Edited By Rasim Yilmaz, Günther Löschnigg, Hasan Arslan and Mehmet Ali Icbay
The Impact of Privatisation on Earnings in Transition Countries
Standard arguments of privatisation regarding wages point out that under public ownership, workers earn high wages and benefits due to unionisation and soft budget constraints. As such, before privatisation, public corporation managers supported by soft budgets were not provided with incentives to minimise costs. Besides, public unions were in a total monopoly bargaining position. Thus, they were able to get excessive pay levels and benefits for their members by using their power on politicians and during bargaining. After privatisation, the aim of the new owners facing hard budgets was to maximise profits; therefore, they had a greater incentive to minimise costs. Besides, privatisation reduces workers bargaining power and therefore union wage premiums. Thus, effective new owners are able to raise productivity and lower costs by reducing wages and over-staffing.

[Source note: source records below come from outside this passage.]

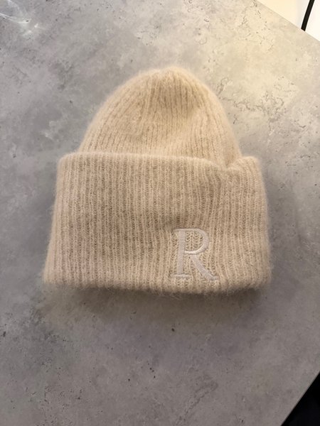 En beige stickad mössa med en broderad "R" på framsidan.
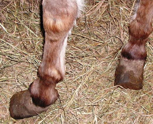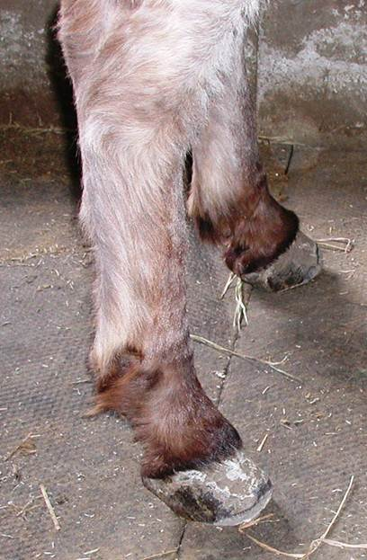Right hind This is Cody in his elf shoes. Unfortunately it is his real foot and a very serious situation. I am proud to say that this foot was back to normal looking in a short time. Again, I worked on the back feet together for a couple minutes at a time to keep Cody from having to stand on a foot for very long. It worked out well. In this photo you can see where a previous farrier attempted a trim but realized it was too much for them and stopped.
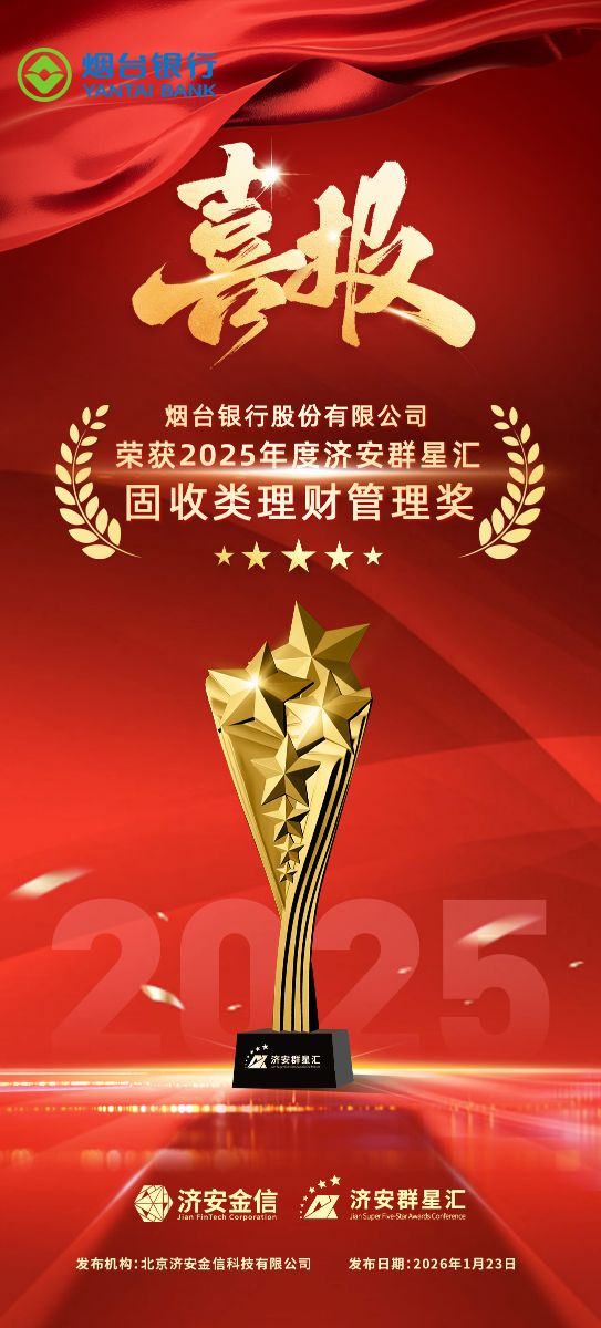 烟台融媒2月23日讯(通讯员 李璟)1月23日,备受行业关注的“中国资管群星汇颁奖典礼暨私募基金高质量发展论坛”在北京举行。烟台银行凭借在固定收益类理财产品领域的稳健运作与卓越业绩,荣获“2025年度济安群星汇固收类理财管理奖”。
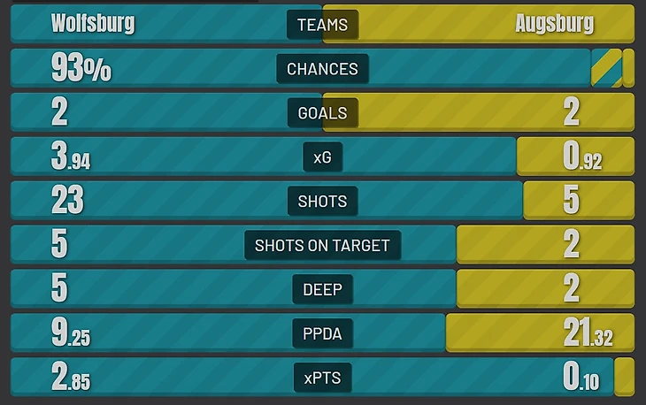 • В этой игре у «Вольфсбурга» было больше ударов, чем в любом другом матче сезона (23).

However, the effect of privatisation on wages is theoretically ambiguous. Wages may either rise or fall as a result of privatisation depending on the firms’ level of output, market power of firms, union’s role, and the nature of wage determination in the market (Monterio, 2003).
New private owners faced with stronger profit-related incentives, harder budget constraints, and constant output may reduce costs by reducing wages. On the other hand, if the privatised firm’s output rises in response to an increase in the firm’s market share and the total quantity demanded for the industry, as well as the skills of new management regarding marketing, innovation, and entering new markets, new private owners may...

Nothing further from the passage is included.